如何在Ruby中拆分文本而不创建空字符串?

时间:2012-03-15 03:33:57

标签: ruby-on-rails ruby string parsing split

分割空白,句号,逗号或双引号,而不是单引号:

str = %Q{this is the.string    to's split,real "ok" nice-like.}
str.split(/\s|\.|,|"/)
=> ["this", "is", "the", "string", "", "", "", "to's", "split", "real", "", "ok", "", "nice-like"]

如何雄辩地删除空字符串?

如何雄辩地删除短于MIN_LENGTH的字符串?

6 个答案:

答案 0 :(得分:8)

我对问题域并不完全清楚,但如果你只是想避免使用空字符串,为什么不拆分分隔符的一个或多个

str.split /[\s\.,"]+/

答案 1 :(得分:7)

在这种情况下,使用split的想法并不正确。

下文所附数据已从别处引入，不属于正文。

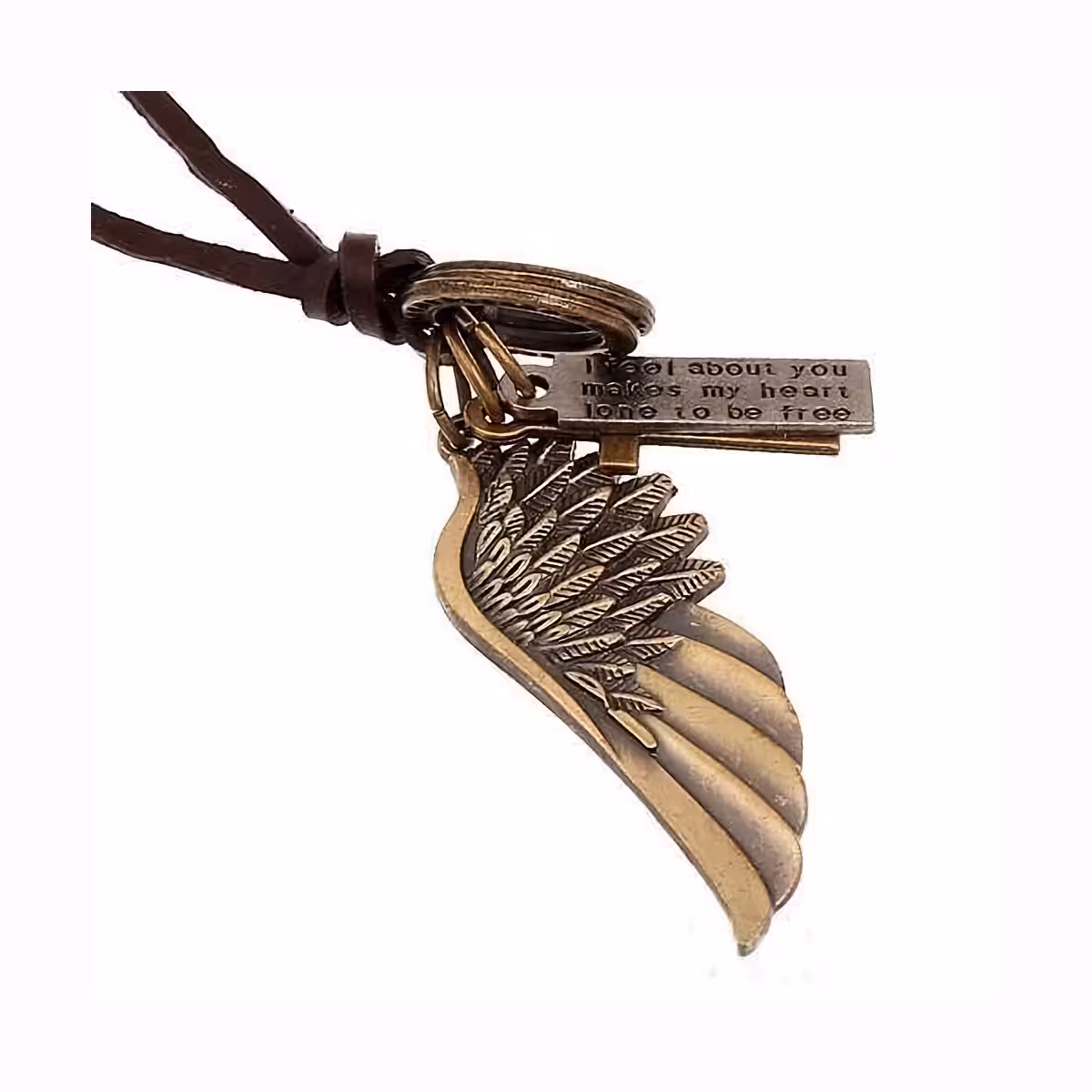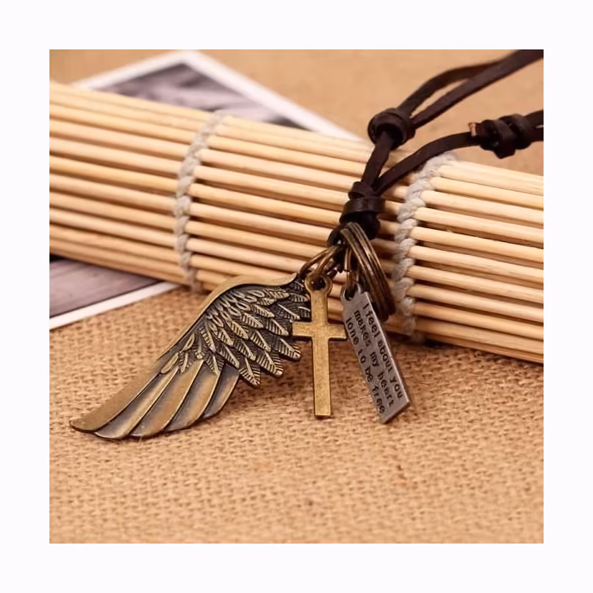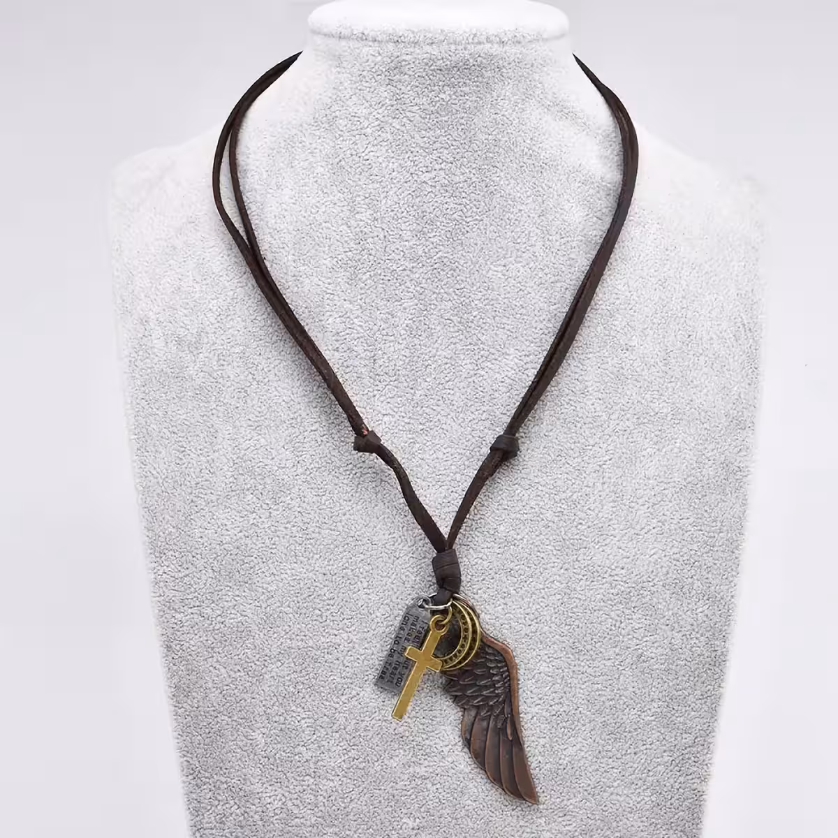 Denne kæde kombinerer højkvalitets naturlæder med et vedhæng af zinklegering, som forestiller en englevinge og et subtilt kors, hvilket giver et distinkt og sofistikeret udtryk.

您应该使用scan

str = %Q{this is the.string    to's split,real "ok" nice-like.}
str.scan(/[\w'-]+/)
# => ["this", "is", "the", "string", "to's", "split", "real", "ok", "nice-like"]

为了匹配MIN_LENGTH或更长的字符串,请执行以下操作:

MIN_LENGTH = 3
str.scan(/[\w'-]{#{MIN_LENGTH},}/)
# => ["this", "the", "string", "to's", "split", "real", "nice-like"]

何时使用拆分,何时使用扫描

  • 当分隔符混乱并且使正则表达式匹配时很困难,请使用scan
  • 当要提取的子字符串混乱并且使正则表达式匹配时很困难,请使用split
  • 如果要在要提取的子字符串形式上施加条件,则scan
  • 如果要在分隔符的表单上强加条件,请使用split

答案 2 :(得分:6)

我认为一个简单的方法如下:

str.split(/\s|\.|,|"/).select{|s| s.length >= MIN_LENGTH}

答案 3 :(得分:2)

尝试以下方法:

str.split(/\s*[.,"\s]\s*/)

答案 4 :(得分:2)

我们可以通过多种方式实现同​​样的目标,

 > str.split(/[\s\.,"]/) - [""]
=> ["this", "is", "the", "string", "to's", "split", "real", "ok", "nice-like"]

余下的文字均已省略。